Talking Tax – Issue 84

ATO updates

Commissioner provides Common Reporting Standard compliance relief

On 30 June 2017 the ATO made a declaration under the Tax Laws Amendment (Implementation of the Common Reporting Standard) Act 2016 (Act) that 25 jurisdictions (including Barbados, China, Hong Kong, Israel, Kuwait and Russia) are ‘committed jurisdictions’ for the purposes of the transitional provisions of the Act (Declaration).

The effect of the Declaration is to temporarily relieve Australian financial institutions from carrying out the required Common Reporting Standard (CRS) due diligence procedures on accounts belonging to foreign residents of the 25 ‘committed jurisdictions’.

The CRS was developed by the OECD and non-OECD G20 Countries, at the request of the G20. In 2016 legislation was passed to implement the CRS in Australia, however it has only become operative since 1 July 2017. The CRS establishes a common international standard for:

  • financial institutions to identify the financial accounts of foreign tax residents
  • financial institutions to report information on those account holders and their financial accounts to their local tax authority and
  • the exchange of that information between relevant tax authorities.

The CRS also sets out the due diligence procedures that financial institutions must apply in identifying account holders who are tax residents of a foreign jurisdiction.

ATO Decision Impact Statement - Security for costs in Vasiliades case

On 30 June 2017, the ATO released a Decision Impact Statement (Statement) on the decision of the Full Federal Court in FCT v Vasiliades [2016] FCAFC 170 (Vasiliades).

In Vasiliades, the Full Federal Court found by majority that the Commissioner was entitled to security for costs in respect of the Taxpayer's appeal under Part IVC of the Taxation Administration Act 1953. In doing so, the Court confirmed that its power to award security for costs under section 56 of the Federal Court of Australia Act 1976 (Act) is a broad judicial discretion and not confined by any rule or strong predilection in respect of any particular factor.

In the Statement, the Commissioner supports the majority's view that the presence or absence of certain facts will not dictate an outcome one way or the other in the Federal Court’s exercise of its discretion under section 56 of the Act. In response to proceedings brought by the Taxpayer against the Commissioner, the Commissioner applied for and was granted security for costs by the registrar, on the basis the Taxpayer was a non-resident and there was no evidence that he had assets in Australia. The registrar’s decision was overturned by Justice Davies of the Federal Court, who relied primarily on the “essential defensive nature” of the Taxpayer’s proceedings. The Commissioner was granted leave to appeal this decision.
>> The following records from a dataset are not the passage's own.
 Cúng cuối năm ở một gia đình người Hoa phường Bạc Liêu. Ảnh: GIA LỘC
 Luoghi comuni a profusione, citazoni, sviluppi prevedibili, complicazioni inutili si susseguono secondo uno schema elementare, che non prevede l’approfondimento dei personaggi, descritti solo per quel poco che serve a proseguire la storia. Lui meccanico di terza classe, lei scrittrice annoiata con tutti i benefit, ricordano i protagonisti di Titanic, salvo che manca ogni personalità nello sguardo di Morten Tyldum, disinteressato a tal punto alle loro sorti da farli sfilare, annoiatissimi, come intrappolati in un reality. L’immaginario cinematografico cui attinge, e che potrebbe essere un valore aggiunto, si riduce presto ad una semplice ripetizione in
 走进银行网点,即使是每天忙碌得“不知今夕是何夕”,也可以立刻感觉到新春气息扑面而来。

The majority of the Full Federal Court allowed the appeal and re-exercised the discretion to award security of costs in favour of the Commissioner. Their Honours endorsed a ‘multifactorial approach’ to the discretion and found that there was no rule, or a ‘very strong predilection’, against ordering security for costs against a party bringing a proceeding that was essentially defensive in nature.

The Court noted that:

  • the defensive element of Part IVC proceedings was merely one factor to take into account with other relevant factors and
  • the fact that the taxpayer is an non-resident without apparent assets in Australia is a significant factor in favour of an award of security.
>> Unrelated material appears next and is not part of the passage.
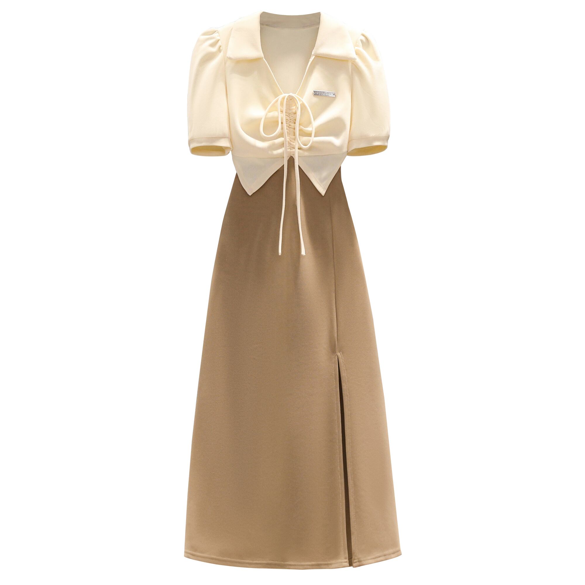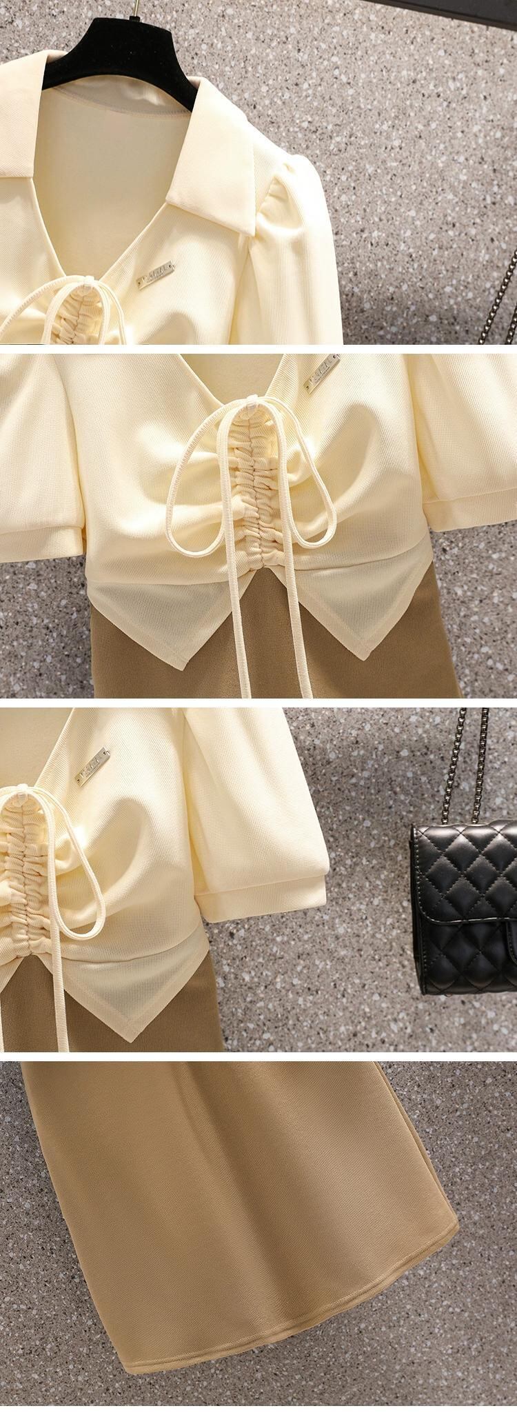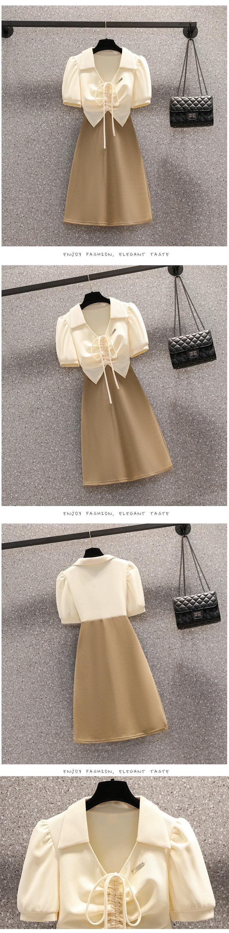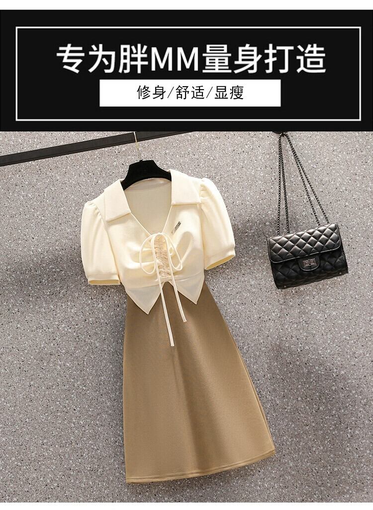 プラスサイズの婦人服 2023 新しい夏服ファットシスターズ新しい偽ツーピースコントラストカラーハイウエストアインスタイルスリム半袖ドレス ハイウェスト 大きめサイズ サマー 夏物 8884136931616156

Goods and Services Tax: Foreign Currency Conversion Determination (No.1) 2017

On 21 June 2017 the ATO issued the Goods and Services Tax: Foreign Currency Conversion Determination (No.1) 2017 (Determination) in accordance with subsection 9-85(2) of the A New Tax System (Goods and Services Tax) Act 1999 (GST Act) The Determination sets out the method an entity must use to convert amounts of foreign currency into Australian dollars for the purpose of working out the value of a taxable supply. It’s a requirement under the GST Act that the value of a taxable supply be expressed in Australian currency. The Determination is taken to have commenced on 1 July 2017. The formula used for converting any amount of consideration expressed in foreign currency is:



  • particular exchange rate is the exchange rate provided by a foreign exchange organisation, the Reserve Bank of Australia rate, or the rate agreed to by the supplier and recipient, whichever the entity has chosen (however, the chosen exchange rate should be used consistently by the entity for GST purposes); and
  • conversion day is the date used when making the conversion. This will vary according to the basis on which GST is accounted for, the type of supply and whether the entity is an Australian resident entity,

TR 2017/3 – The meaning of 'at the time the distribution is made' when applying the participation test

On 28 June 2017 the Commissioner released Taxation Ruling TR 2017/3 (Ruling). The Ruling provides guidance on applying the participation test set out in Subdivision 768-A of the Income Tax Assessment Act 1997 (ITAA 1997) when working out whether an equity distribution received by an Australian corporate tax entity from a foreign company is not assessable and not exempt (NANE) income.

The Ruling applies to foreign equity distributions made on or after 17 October 2014. However, it will not apply to the extent that it conflicts with the terms of a settlement of a dispute agreed to before this Ruling was issued. Subdivision 768-A treats a foreign equity distribution as NANE income if the recipient is an Australian corporate tax entity that holds a participation interest of at least 10% in the foreign company making the distribution at the date the distribution is made.

The Commissioner formed the view that for the purposes of Subdivision 768-A:

  • an entity will hold an interest where they are a registered member (or are absolutely or contingently entitled to be a registered member) of the foreign company;
  • the interest will be held at the date the distribution is made if it is held by the entity at the start of the day the distribution is made;
  • where the distribution is a dividend or non-share dividend, the distribution is made on the day that the foreign company pays or credits the distribution, and
  • where the distribution is a deemed dividend, the distribution is made on the day the Income Tax Assessment Act 1936 or the ITAA 1997 deem the dividend to have been paid.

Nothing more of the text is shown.